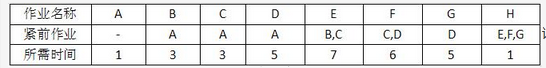 某项目有A~H八个作业,各作业所需时间(单位:周)以及紧前作业如下表: 该项目的工期为(请作答此空)周。如果作业C拖延3周完成,则该项目的工期()
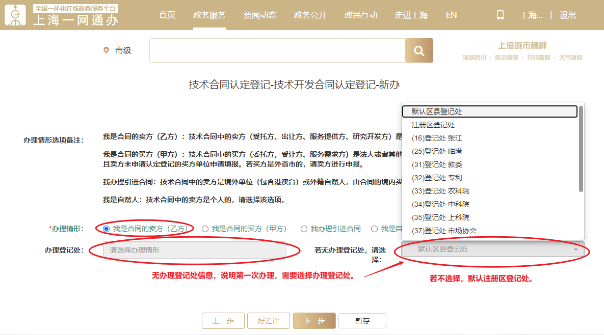 注:第一次辦理的申請(qǐng)人(未申報(bào)過(guò)合同),需要選擇辦理登記處;不做選擇,默認(rèn)注冊(cè)所在區(qū)登記處辦理。
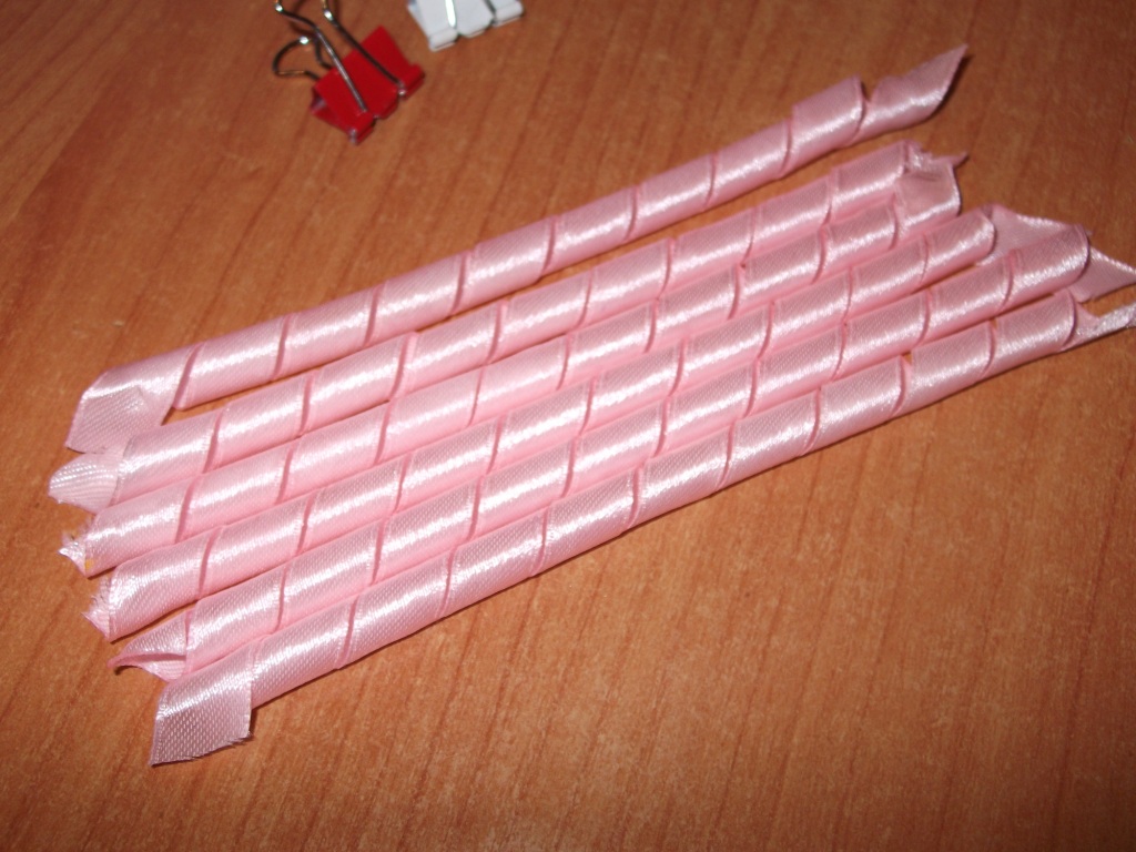 Делаем спиральки. Я делала их очень просто и быстро - ничего не пекла и не варила. Узкую ленту наматываем на карандаш или палочку, закрепляем с двух концов.
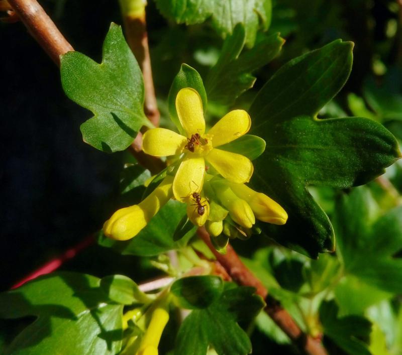 Interessant, wie sich die Insekten auf die unterschiedlichen Arten einspielen. Die Hummeln findet man oft an Stachelbeeren und Blutjohannisbeeren, Die Wespen mögen rote Jb und Stachelbeeren umd die Ameisen scheinen Goldjohannisbeeren toll zu finden. An der Pflanze wuselt's nur so. Blattläuse schleppen sie nicht an. Ich meine, dass sie sogar kurz vor der Öffnung stehende Blüten aufbeißen.
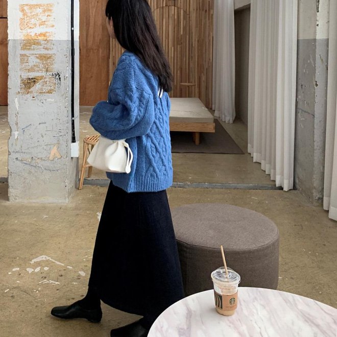 Outfit kiểu áo len dài dày sụ, thả ngoài chân váy midi hay quần tây ống rộng chỉ để ngắm thôi. Những chiếc áo dày, dài như thế này không phải là must-have item cho các cô nàng nấm lùn. Dù có sơ vin thì cũng khó mà giải quyết được những vết gồ lên kém tinh tế dưới chân váy hay quần lắm.
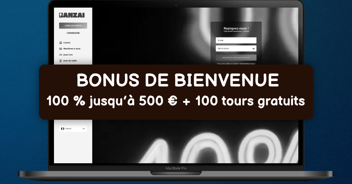 Inscription sur Banzai Casino reste rapide et cadrée pour la France. Bonus de bienvenue de 250 € + 200 tours gratuits sans mise, avec activation simple depuis le site officiel du casino en ligne.
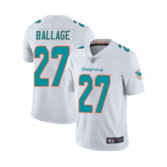 >Youth Miami Dolphins #27 Kalen Ballage White Vapor Untouchable Limited Player Football Jersey
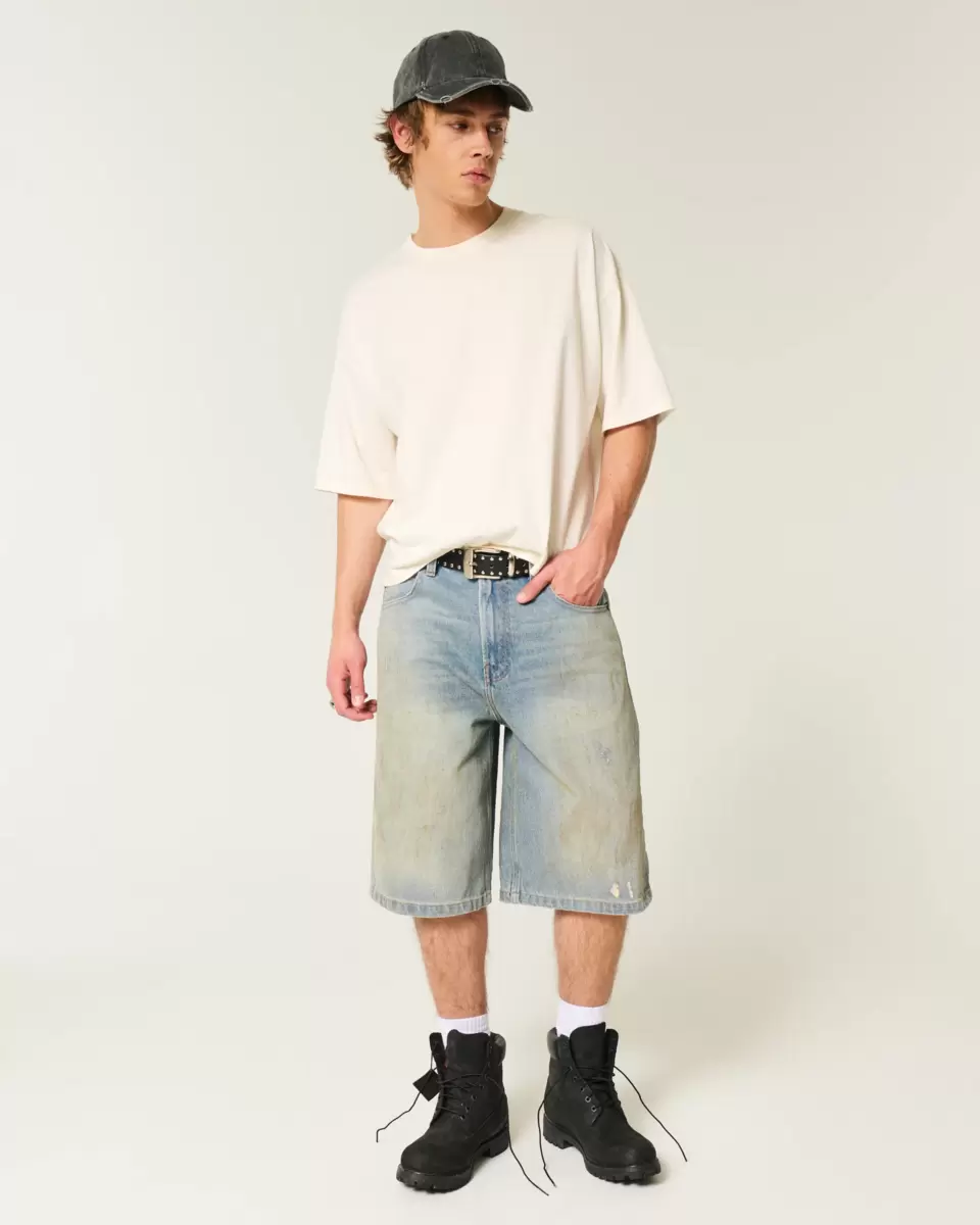 Comfortable denim shorts with greased and distressed details. Super baggy leg, fading, whiskering. Imported.
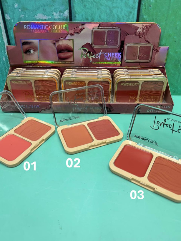 رژ گونه رمانتیک کالر که به صورت پک دو تایی عرضه میشود و یک سمت چرب و سمت دیگر پودری است .
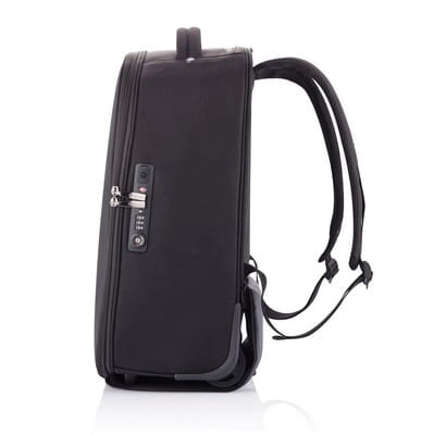 Bobby, plecak na kółkach chroniący przed kieszonkowcami, wykonany z materiałów pochodzących z recyklingu, teleskopowy uchwyt, chowane paski na ramiona, osłona na koła zapobiegająca ubrudzeniu, zintegrowany port USB do ładowania telefonów (power-bank nie jest dołączony), przestronna przegroda główna zamykana na zamek cyfrowy TSA®, wiele kieszeni wewnątrz, przegroda na laptopa do 17", kieszeń z ochroną RFID, rozmiar bagażu podręcznego, wzór zastrzeżony®
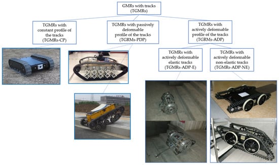 Considering the second taxonomy (Figure 5), the track profile can be constant (TGMRs-CP), passively deformable (TGMRs-PDP), or actively deformable (TGMRs-ADP). TGMRs-CP are the most widespread for their simplicity, especially for small-scale realizations in which the structural resistance is less critical []. On the other hand, TGMRs-PDP are frequently larger, with passive suspension systems to filter impacts with obstacles and irregularities and to improve traction []. TGMRs-ADP solutions usually enable the switch from wheeled to tracked locomotion [,].

□ □ □ □

Problem details:
Exact copy, no images: rewrite the entire listing above.

Response for this exercise:
 某项目有A~H八个作业,各作业所需时间(单位:周)以及紧前作业如下表: 该项目的工期为(请作答此空)周。如果作业C拖延3周完成,则该项目的工期()
 注:第一次辦理的申請(qǐng)人(未申報(bào)過(guò)合同),需要選擇辦理登記處;不做選擇,默認(rèn)注冊(cè)所在區(qū)登記處辦理。
 Делаем спиральки. Я делала их очень просто и быстро - ничего не пекла и не варила. Узкую ленту наматываем на карандаш или палочку, закрепляем с двух концов.
 Interessant, wie sich die Insekten auf die unterschiedlichen Arten einspielen. Die Hummeln findet man oft an Stachelbeeren und Blutjohannisbeeren, Die Wespen mögen rote Jb und Stachelbeeren umd die Ameisen scheinen Goldjohannisbeeren toll zu finden. An der Pflanze wuselt's nur so. Blattläuse schleppen sie nicht an. Ich meine, dass sie sogar kurz vor der Öffnung stehende Blüten aufbeißen.
 Outfit kiểu áo len dài dày sụ, thả ngoài chân váy midi hay quần tây ống rộng chỉ để ngắm thôi. Những chiếc áo dày, dài như thế này không phải là must-have item cho các cô nàng nấm lùn. Dù có sơ vin thì cũng khó mà giải quyết được những vết gồ lên kém tinh tế dưới chân váy hay quần lắm.
 Inscription sur Banzai Casino reste rapide et cadrée pour la France. Bonus de bienvenue de 250 € + 200 tours gratuits sans mise, avec activation simple depuis le site officiel du casino en ligne.
 >Youth Miami Dolphins #27 Kalen Ballage White Vapor Untouchable Limited Player Football Jersey
 Comfortable denim shorts with greased and distressed details. Super baggy leg, fading, whiskering. Imported.
 رژ گونه رمانتیک کالر که به صورت پک دو تایی عرضه میشود و یک سمت چرب و سمت دیگر پودری است .
 Bobby, plecak na kółkach chroniący przed kieszonkowcami, wykonany z materiałów pochodzących z recyklingu, teleskopowy uchwyt, chowane paski na ramiona, osłona na koła zapobiegająca ubrudzeniu, zintegrowany port USB do ładowania telefonów (power-bank nie jest dołączony), przestronna przegroda główna zamykana na zamek cyfrowy TSA®, wiele kieszeni wewnątrz, przegroda na laptopa do 17", kieszeń z ochroną RFID, rozmiar bagażu podręcznego, wzór zastrzeżony®
 Considering the second taxonomy (Figure 5), the track profile can be constant (TGMRs-CP), passively deformable (TGMRs-PDP), or actively deformable (TGMRs-ADP). TGMRs-CP are the most widespread for their simplicity, especially for small-scale realizations in which the structural resistance is less critical []. On the other hand, TGMRs-PDP are frequently larger, with passive suspension systems to filter impacts with obstacles and irregularities and to improve traction []. TGMRs-ADP solutions usually enable the switch from wheeled to tracked locomotion [,].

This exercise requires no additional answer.